Problem details: Drop all images. Then write out each line below exactly as given.

Input for this task:
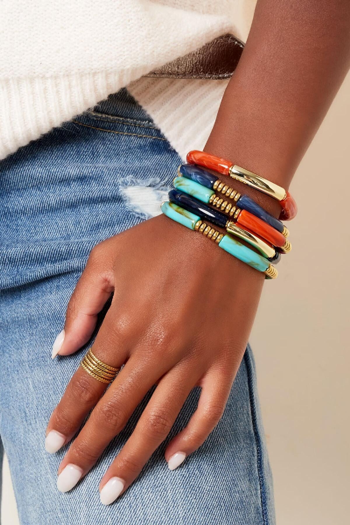 Trend alert!! Shop deze populaire tube armbanden in verschillende kleuren! Deze tube armbanden zijn leuk om meerdere tegelijk te dragen of te combineren met andere armbanden. De armband is gemaakt van acryl, polymeerklei en hematiet en heeft een afmeting van 19,5 cm.
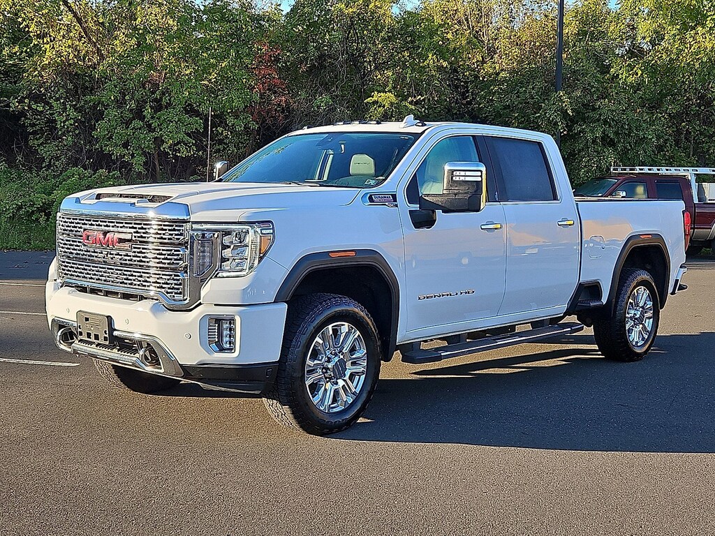 2022 GMC Sierra 2500HD Denali CERTIFIED Summit White GMC Certified Pre-Owned Certified, 10-Speed Automatic, 4WD, Jet Black Leather, 10-Way Power Driver Seat Adjuster w/Lumbar, 10-Way Power Passenger Seat Adjuster w/Lumbar, 12-Volt Rear Auxiliary Power Outlet, 120-Volt Bed Mounted Power Outlet, 120-Volt Instrument Panel Power Outlet, 2 USB Ports, 2 USB Ports (1st Row), 2-Speed Active Transfer Case, 220 Amps Alternator, 2nd Row Dual USB Charge-Only Ports, 3.42 Axle Ratio, 3.73 Rear Axle Ratio, 4-Wheel Disc Brakes, 6 Rectangular Chromed Tubular Assist Steps, 7 Speakers, ABS brakes, Air Conditioning, Alloy wheels, AM/FM radio: SiriusXM with 360L, Apple CarPlay/Android Auto, Auto High-beam Headlights, Auto-dimming door mirrors, Auto-dimming Rear-View mirror, Automatic Emergency Braking, Automatic temperature control, Bed View Camera w/2 Trailer Camera Provisions, Bose Premium 7 Speaker Sound System, Brake assist, Bumpers: body-color, Compass, Compass Located In Instrument Cluster, Deep-Tinted Glass, Delay-off headlights, Driver Alert Package I, Driver Alert Package II, Driver door bin, Driver Memory, Driver vanity mirror, Dual front impact airbags, Dual front side impact airbags, Electric Rear-Window Defogger, Electrical Lock Control Steering Column, Electronic Stability Control, Emergency communication system: OnStar and GMC Connected Services capable, Engine Block Heater, Exhaust Brake, Exterior Parking Camera Rear, Floor-Mounted Center Console, Following Distance Indicator, Forge Perforated Leather-Appointed Front Seat Trim, Forward Collision Alert, Front anti-roll bar, Front Bucket Seats, Front Center Armrest, Front Chrome Recovery Hooks, Front dual zone A/C, Front fog lights, Front reading lights, Front wheel independent suspension, Fully automatic headlights, Garage door transmitter, Genuine wood console insert, Genuine wood door panel insert, GMC Connected Access Capable, Gooseneck/5th Wheel Prep Package, HD Surround Vision w/2 Trailer View Camera Provisions, Heated & Ventilated Front Bucket Seats, Heated door mirrors, Heated Driver & Front Outboard Passenger Seats, Heated front seats, Heated steering wheel, Heavy-Duty 80 Amp Battery, Hill Descent Control, Hitch Guidance w/Hitch View, Illuminated entry, In-Vehicle Trailering System App, Integrated Trailer Brake Controller, IntelliBeam Automatic High Beam On/Off, Keyless Open & Start, Lane Change Alert w/Side Blind Zone Alert, Lane Departure Warning System, LED Cargo Area Lighting, LED Smoked Amber Roof Marker Lamps, Low tire pressure warning, Manual Tilt-Wheel/Telescoping Steering Column, Memory seat, Navigation System, Not Equipped w/Front & Rear Park Assist, Not Equipped w/Heated 2nd Row Outboard Seats, Occupant sensing airbag, Off-Road Suspension, OnStar & GMC Connected Services Capable, Outside temperature display, Overhead airbag, Overhead console, Panic alarm, Passenger door bin, Passenger vanity mirror, Pickup Box, Polished Exhaust Tip, Power Door Locks, Power door mirrors, Power driver seat, Power Front Passenger Windows w/Express Up/Down, Power passenger seat, Power Rear Windows w/Express Down, Power Sliding Rear Window w/Defogger, Power steering, Power windows, Power Windows w/Driver Express Up/Down, Preferred Equipment Group 5SA, Premium audio system: Premium GMC Infotainment System, Radio: AM/FM w/Prem GMC Infotainment System & Navi, Rear Cross Traffic Alert, Rear reading lights, Rear seat center armrest, Rear step bumper, Rear Wheelhouse Liners, Rear window defroster, Remote keyless entry, Remote Vehicle Starter System, Safety Alert Seat, Security system, Signature Denali Grille, SiriusXM w/360L, Snow Plow Prep/Camper Package, Speed control, Speed-sensing steering, Split folding rear seat, Spray-On Pickup Box Bed Liner w/Denali Logo, Steering Wheel Audio Controls, Steering wheel mounted audio controls, Tachometer, Telescoping steering wheel, Tilt steering wheel, Traction control, Trip computer, Turn signal indicator mirrors, Unauthorized Entry Theft-Deterre
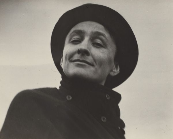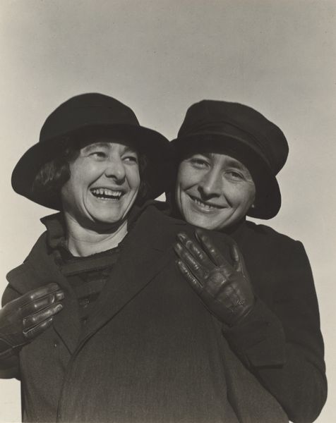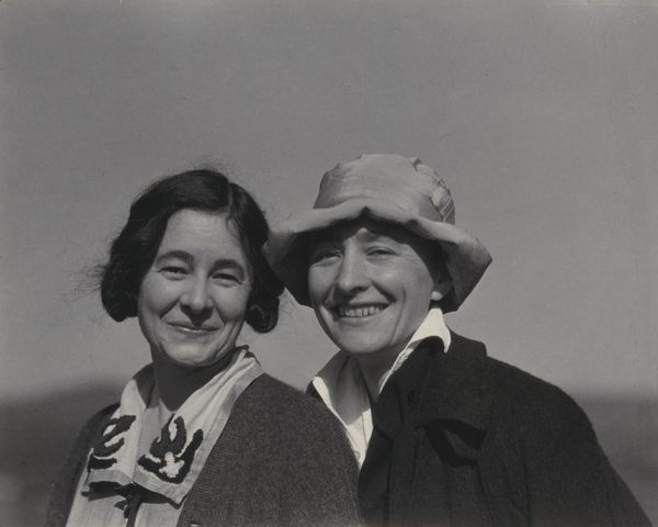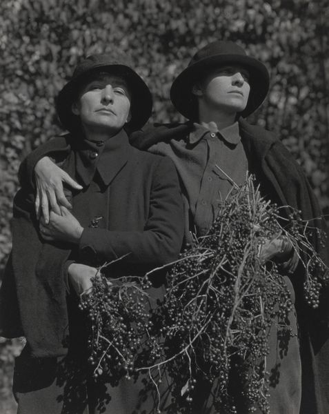 Editor: This striking photograph, "Georgia O'Keeffe and Donald Davidson" from 1924 by Alfred Stieglitz, it’s…well, it’s unexpected! The pairing feels deliberately posed, contrasting O’Keeffe's known persona. How should we interpret this? Curator: What do you notice about the depiction of O’Keeffe, relative to Davidson? Think about their roles as creative individuals within the artistic landscape of the early 20th century. Stieglitz's framing plays into specific narratives. Editor: He presents Davidson, a farmer, literally holding a shovel, close to the earth, while O’Keeffe looks almost regal, yet still outside…almost as if she does not fit this context? Curator: Exactly! Stieglitz, as O’Keeffe's husband and promoter, carefully constructed her image. This photo exists within a larger body of work that solidified her as an iconic figure. This “American” imagery, juxtaposing her and the labourer, reflects the avant-garde interest in the vernacular but simultaneously reinforces societal roles. Are those intentional tensions, you think? Editor: Absolutely! This reinforces her, by contrasting the labour of earth to artistic expression. Are you saying, there is an awareness, on the part of Stieglitz, of creating a brand for his wife and the political role for women? Curator: He’s carefully managing public perception, absolutely. The very act of photographing them together, of displaying it within his galleries, is a deliberate act of cultural positioning. So in what ways, therefore, did this add or take from her achievements? Editor: I see. So it's not just about the subjects, but the photographer's role in shaping their narrative. It almost suggests, through the way O’Keefe is displayed, it adds a regal and posed authority to her. Curator: Precisely. Understanding the historical context—the artistic movements, the social expectations—deepens our appreciation, don't you agree? Editor: It’s amazing how a single photograph can reveal so much about power, perception, and the art world!
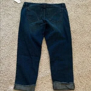 Brand⭐️NEW with Tags⭐️ELLE Chic cropped jeans in dark indigo. Perfect for casual outings🌻Mosaic Garden Collection. Features whiskering, raw hem & modern fit. The pants can be worn rolled up or down—easily adjust to your preferred length!
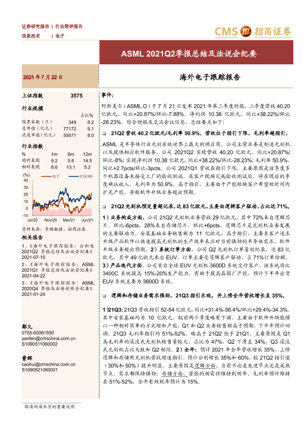 【海通证券】【20210723】海外电子行业跟踪报告:ASML_2021Q2季报总结及法说会纪要-13页
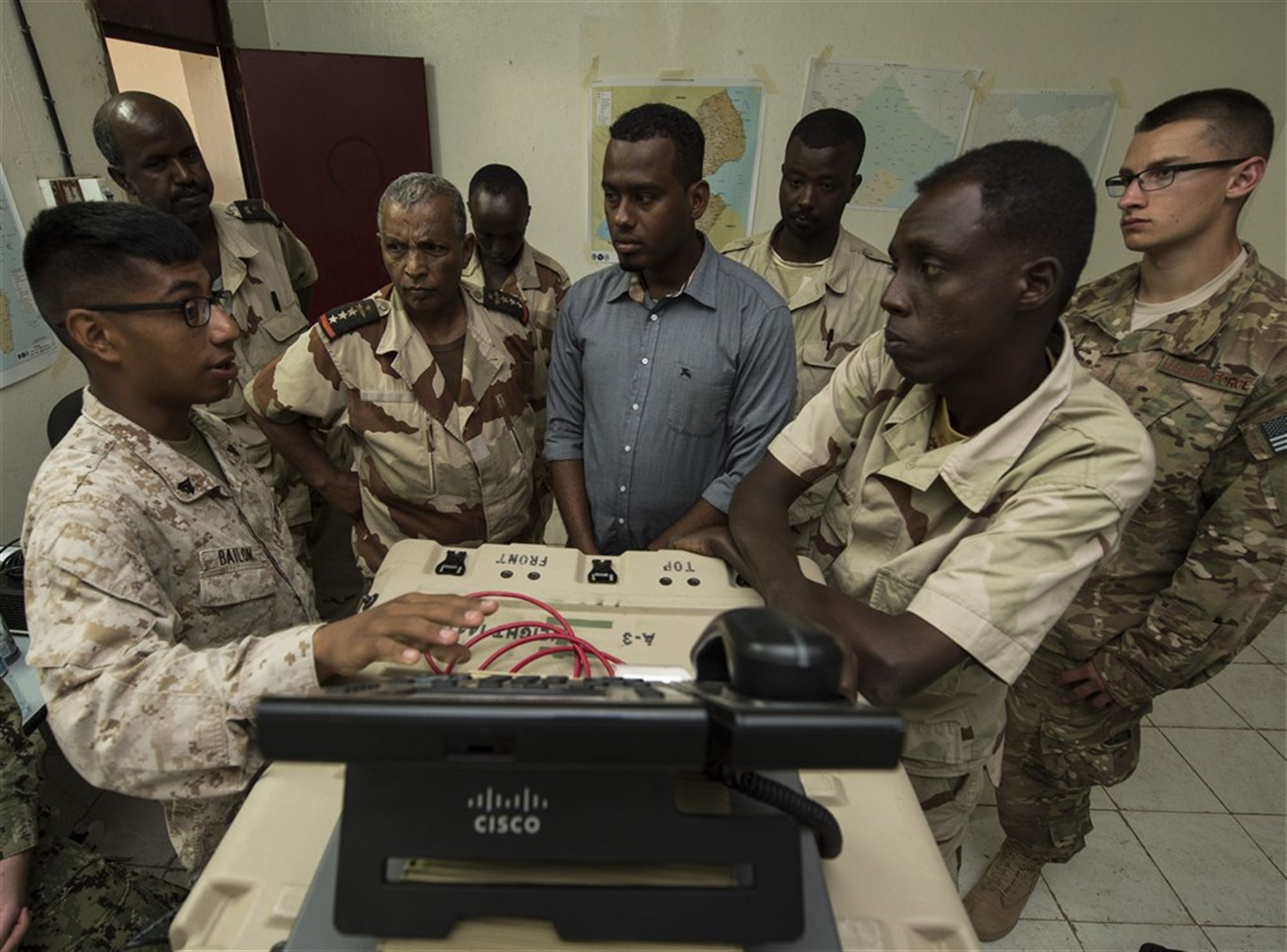 CAMP LEMONNIER, Djibouti - Service members assigned to the Combined Joint Task Force-Horn of Africa Communications Directorate (CJ-6) visited the Djiboutian Armed Forces (FAD) Headquarters to share information on the Africa Data Sharing Network (ADSN) Feb. 15-18, in Djibouti.

Exercise solution:
 Trend alert!! Shop deze populaire tube armbanden in verschillende kleuren! Deze tube armbanden zijn leuk om meerdere tegelijk te dragen of te combineren met andere armbanden. De armband is gemaakt van acryl, polymeerklei en hematiet en heeft een afmeting van 19,5 cm.
 2022 GMC Sierra 2500HD Denali CERTIFIED Summit White GMC Certified Pre-Owned Certified, 10-Speed Automatic, 4WD, Jet Black Leather, 10-Way Power Driver Seat Adjuster w/Lumbar, 10-Way Power Passenger Seat Adjuster w/Lumbar, 12-Volt Rear Auxiliary Power Outlet, 120-Volt Bed Mounted Power Outlet, 120-Volt Instrument Panel Power Outlet, 2 USB Ports, 2 USB Ports (1st Row), 2-Speed Active Transfer Case, 220 Amps Alternator, 2nd Row Dual USB Charge-Only Ports, 3.42 Axle Ratio, 3.73 Rear Axle Ratio, 4-Wheel Disc Brakes, 6 Rectangular Chromed Tubular Assist Steps, 7 Speakers, ABS brakes, Air Conditioning, Alloy wheels, AM/FM radio: SiriusXM with 360L, Apple CarPlay/Android Auto, Auto High-beam Headlights, Auto-dimming door mirrors, Auto-dimming Rear-View mirror, Automatic Emergency Braking, Automatic temperature control, Bed View Camera w/2 Trailer Camera Provisions, Bose Premium 7 Speaker Sound System, Brake assist, Bumpers: body-color, Compass, Compass Located In Instrument Cluster, Deep-Tinted Glass, Delay-off headlights, Driver Alert Package I, Driver Alert Package II, Driver door bin, Driver Memory, Driver vanity mirror, Dual front impact airbags, Dual front side impact airbags, Electric Rear-Window Defogger, Electrical Lock Control Steering Column, Electronic Stability Control, Emergency communication system: OnStar and GMC Connected Services capable, Engine Block Heater, Exhaust Brake, Exterior Parking Camera Rear, Floor-Mounted Center Console, Following Distance Indicator, Forge Perforated Leather-Appointed Front Seat Trim, Forward Collision Alert, Front anti-roll bar, Front Bucket Seats, Front Center Armrest, Front Chrome Recovery Hooks, Front dual zone A/C, Front fog lights, Front reading lights, Front wheel independent suspension, Fully automatic headlights, Garage door transmitter, Genuine wood console insert, Genuine wood door panel insert, GMC Connected Access Capable, Gooseneck/5th Wheel Prep Package, HD Surround Vision w/2 Trailer View Camera Provisions, Heated & Ventilated Front Bucket Seats, Heated door mirrors, Heated Driver & Front Outboard Passenger Seats, Heated front seats, Heated steering wheel, Heavy-Duty 80 Amp Battery, Hill Descent Control, Hitch Guidance w/Hitch View, Illuminated entry, In-Vehicle Trailering System App, Integrated Trailer Brake Controller, IntelliBeam Automatic High Beam On/Off, Keyless Open & Start, Lane Change Alert w/Side Blind Zone Alert, Lane Departure Warning System, LED Cargo Area Lighting, LED Smoked Amber Roof Marker Lamps, Low tire pressure warning, Manual Tilt-Wheel/Telescoping Steering Column, Memory seat, Navigation System, Not Equipped w/Front & Rear Park Assist, Not Equipped w/Heated 2nd Row Outboard Seats, Occupant sensing airbag, Off-Road Suspension, OnStar & GMC Connected Services Capable, Outside temperature display, Overhead airbag, Overhead console, Panic alarm, Passenger door bin, Passenger vanity mirror, Pickup Box, Polished Exhaust Tip, Power Door Locks, Power door mirrors, Power driver seat, Power Front Passenger Windows w/Express Up/Down, Power passenger seat, Power Rear Windows w/Express Down, Power Sliding Rear Window w/Defogger, Power steering, Power windows, Power Windows w/Driver Express Up/Down, Preferred Equipment Group 5SA, Premium audio system: Premium GMC Infotainment System, Radio: AM/FM w/Prem GMC Infotainment System & Navi, Rear Cross Traffic Alert, Rear reading lights, Rear seat center armrest, Rear step bumper, Rear Wheelhouse Liners, Rear window defroster, Remote keyless entry, Remote Vehicle Starter System, Safety Alert Seat, Security system, Signature Denali Grille, SiriusXM w/360L, Snow Plow Prep/Camper Package, Speed control, Speed-sensing steering, Split folding rear seat, Spray-On Pickup Box Bed Liner w/Denali Logo, Steering Wheel Audio Controls, Steering wheel mounted audio controls, Tachometer, Telescoping steering wheel, Tilt steering wheel, Traction control, Trip computer, Turn signal indicator mirrors, Unauthorized Entry Theft-Deterre
 Editor: This striking photograph, "Georgia O'Keeffe and Donald Davidson" from 1924 by Alfred Stieglitz, it’s…well, it’s unexpected! The pairing feels deliberately posed, contrasting O’Keeffe's known persona. How should we interpret this? Curator: What do you notice about the depiction of O’Keeffe, relative to Davidson? Think about their roles as creative individuals within the artistic landscape of the early 20th century. Stieglitz's framing plays into specific narratives. Editor: He presents Davidson, a farmer, literally holding a shovel, close to the earth, while O’Keeffe looks almost regal, yet still outside…almost as if she does not fit this context? Curator: Exactly! Stieglitz, as O’Keeffe's husband and promoter, carefully constructed her image. This photo exists within a larger body of work that solidified her as an iconic figure. This “American” imagery, juxtaposing her and the labourer, reflects the avant-garde interest in the vernacular but simultaneously reinforces societal roles. Are those intentional tensions, you think? Editor: Absolutely! This reinforces her, by contrasting the labour of earth to artistic expression. Are you saying, there is an awareness, on the part of Stieglitz, of creating a brand for his wife and the political role for women? Curator: He’s carefully managing public perception, absolutely. The very act of photographing them together, of displaying it within his galleries, is a deliberate act of cultural positioning. So in what ways, therefore, did this add or take from her achievements? Editor: I see. So it's not just about the subjects, but the photographer's role in shaping their narrative. It almost suggests, through the way O’Keefe is displayed, it adds a regal and posed authority to her. Curator: Precisely. Understanding the historical context—the artistic movements, the social expectations—deepens our appreciation, don't you agree? Editor: It’s amazing how a single photograph can reveal so much about power, perception, and the art world!
 Brand⭐️NEW with Tags⭐️ELLE Chic cropped jeans in dark indigo. Perfect for casual outings🌻Mosaic Garden Collection. Features whiskering, raw hem & modern fit. The pants can be worn rolled up or down—easily adjust to your preferred length!
 【海通证券】【20210723】海外电子行业跟踪报告:ASML_2021Q2季报总结及法说会纪要-13页
 CAMP LEMONNIER, Djibouti - Service members assigned to the Combined Joint Task Force-Horn of Africa Communications Directorate (CJ-6) visited the Djiboutian Armed Forces (FAD) Headquarters to share information on the Africa Data Sharing Network (ADSN) Feb. 15-18, in Djibouti.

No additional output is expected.